Classrooms and hours:
M, W, F 10:50-11:50 in LH-12,
Tues 10:05-11:30 in S2-337.

Office hours (no appointment necessary):

MWF 12:00 - 2:00 p.m..
If you need to see me at another time, please make an appointment. I will usually have time to see you.

Review session

There will be a review session Sunday, 3:00 - 5:00, in room AA-G23.
(I made a mistake in the first announcement: the time is not 1 - 3. Very sorry!)

Tests this semester

Here are all the tests given so far this semester in all four sections.

Basic information

FINAL EXAM: Monday, 5/15, 11:00 a.m. - 1:00 p.m., in LH-9.

Textbook: M. Brin, Math 304: Linear Algebra, 6th edition.
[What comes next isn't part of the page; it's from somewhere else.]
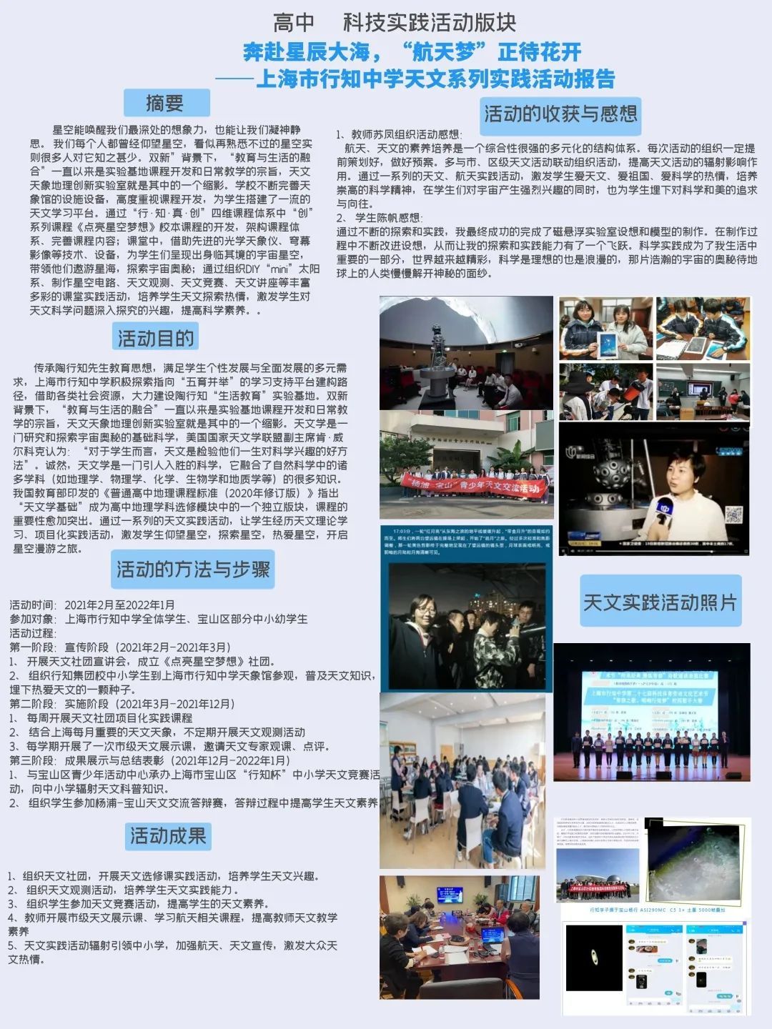 自2022年1月1日申报以来,上海市行知中学积极发动师生参赛,线下线上为学生进行课题辅导,组织各种科技活动,积极营造浓厚的科技文化氛围。积极培养学生的实践能力和创新素养,传承了陶行知先生“处处是创造之地,天天是创造之时,人人是创造之人”的创造教育思想。

We will cover all of the book, as nearly as we can manage.

Grading System: Your grade will be based on the following system:
   3 Tests: 2/21, 3/28, 5/220% each
Final Exam: 30%
Homework, quizzes, class participation, attendance: 10%
The tests are held in class on Tuesdays: Feb. 21, March 28, May 2. The final exam date is May 15 (see above). Each test will cover the topics that we covered up to the time of the test and since the last test. The final exam is comprehensive but with extra attention to topics covered after the last test.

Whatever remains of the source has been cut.